Harry Batt

Personal information
- Date of birth: 1906 or 1907
- Date of death: 1985

Managerial career
- Years: Team
- 1969: Chiltern Valley Ladies
- 1969–1972: England (unofficial)

= Harry Batt (football manager) =

English coach

Harry Batt (1906 or 1907 – 1985) was an English professional football coach and manager. After he managed the British Independents, an unsanctioned women's national team that represented England at the unofficial 1971 Women's World Cup, he was banned for life from football by the Football Association (FA).

==Early life==
Batt was wounded fighting for the anti-Francoist Republicans in the Spanish Civil War and was subsequently a merchant seaman in World War II.

==Coaching and management==
Batt was in his sixties and working as a bus driver when he started Chiltern Valley Ladies FC in Luton with his wife, June, in 1969. The Batts believed woman's professional soccer was achievable in the UK, although from 1921 to 1970, men's teams were banned from allowing women footballers to use their facilities, which made fundraising from gate fees impossible. He took unofficial England women's teams primarily consisting of Chiltern Valley players to a 1969 European Championship and the 1970 Women's World Cup organised in Italy by the short-lived Federation of Independent European Female Football (FIEFF).

He became the manager of the British Independents, an unofficial UK team consisting of players he scouted who played in the unsanctioned first Women's World Cup in Mexico City in August 1971. (Despite the team name and their not wearing the three lions crest of England in deference to the FA, they were billed as Inglaterra.) At the matches, he reportedly chain-smoked and "chain-swore". The team were popular with the crowds but outclassed by semi-professional opponents with a highly physical playing style, and lost all their matches with several injuries.

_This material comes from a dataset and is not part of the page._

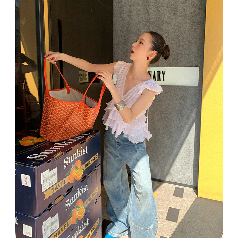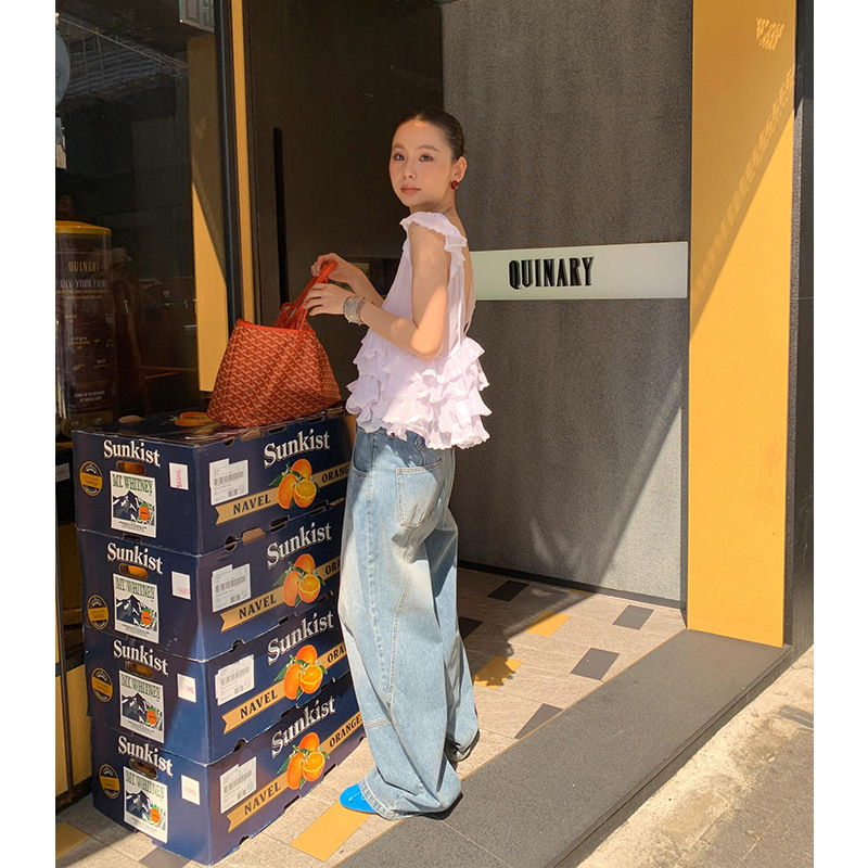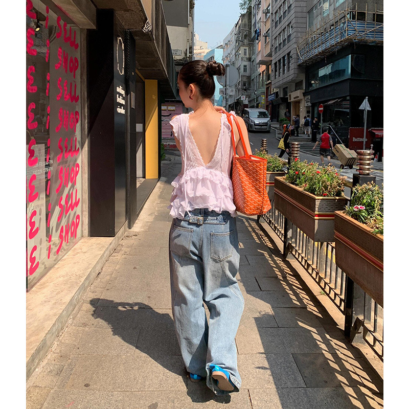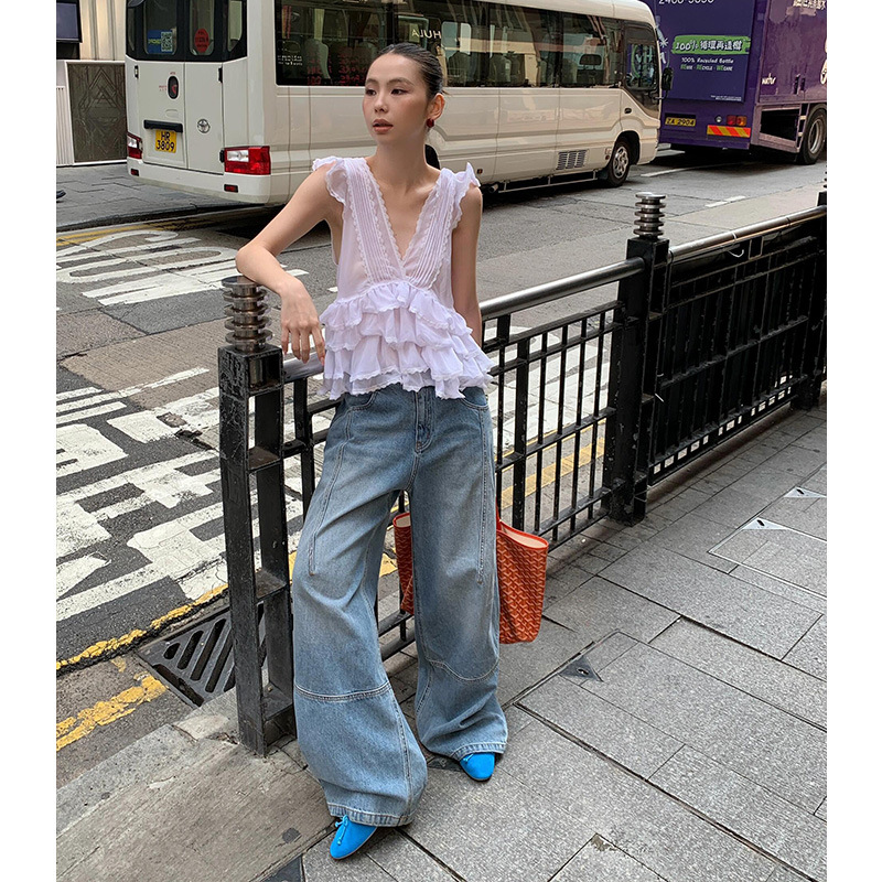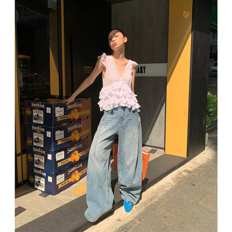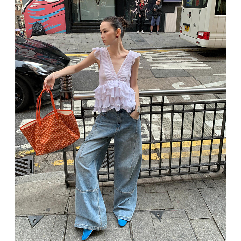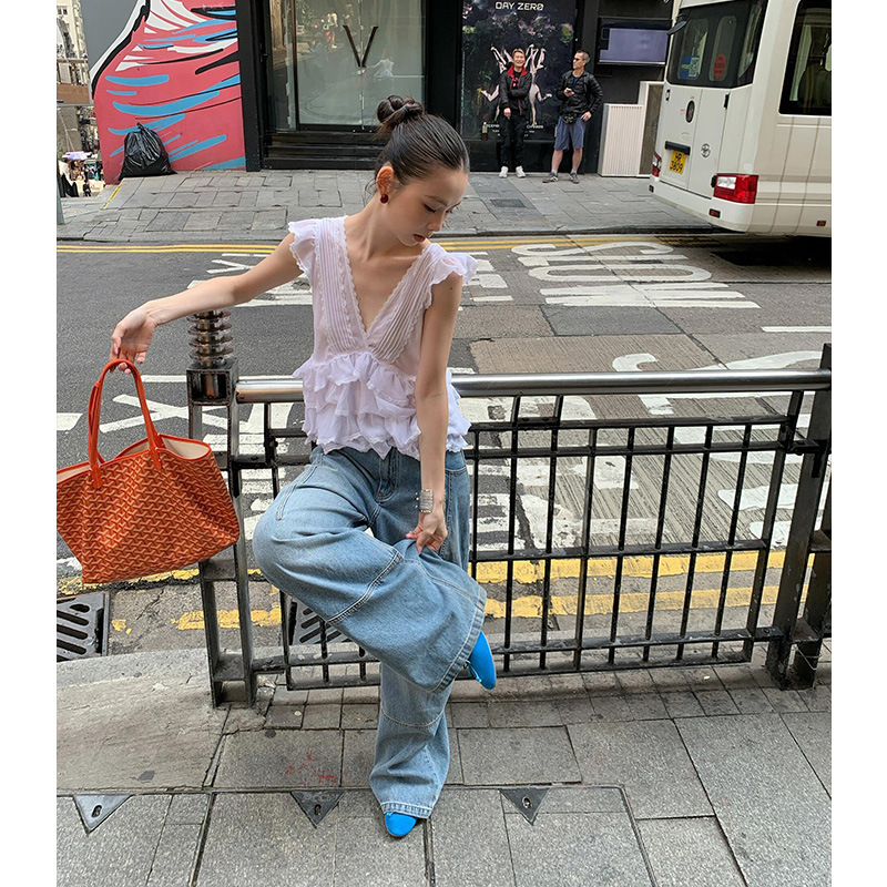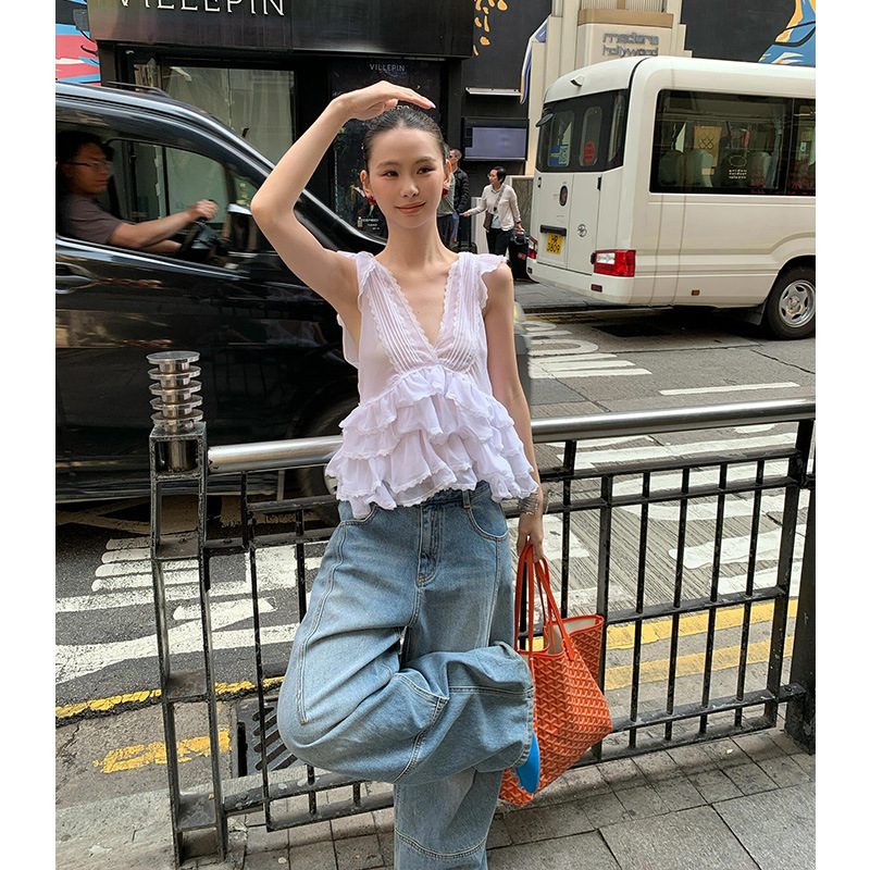 화이트 디자인 센스 레이스 민소매 V 넥 셔츠 여성의 2025 여름 스파이스 걸스 틈새 슬림 핏 셔츠 쇼트 탑스토어 가기

On return, for participation in unsanctioned international competition Batt and his wife were blacklisted by the Women's Football Association (WFA), which had been preparing to form an official England national team but had declined the invitation to the Mexico World Cup. He was barred for life by the FA from coaching or managing, and Chiltern Valley Ladies were ordered to be disbanded.

==Later life and death==
Ted Hart, a public relations representative for the England men's team at the 1970 World Cup, proposed a 1972 Women's World Cup to be held at Wembley Stadium, with a WFA 'A' team and a 'B' team recruited by Batt; the WFA committee initially narrowly approved the proposal on condition that neither Batt nor teams involved in the FIEFF be involved, and subsequently rejected it after the chairman cast a tie-breaking vote. In 1972, he unsuccessfully requested the lifting of his WFA ban. According to his son, the ban caused him to become withdrawn and stop watching football. Jan Emms, one of the World Cup players, said in 2024, "It completely broke Harry when he got that ban."

Batt last worked at Luton bus station. He was diagnosed with cancer in the early 1980s and died in 1985, aged 78.

A blue plaque unveiled in September 2023 at the recreation ground in Crawley Green where Chiltern Valley Ladies played honours them, the British Independents, and Harry and June Batt.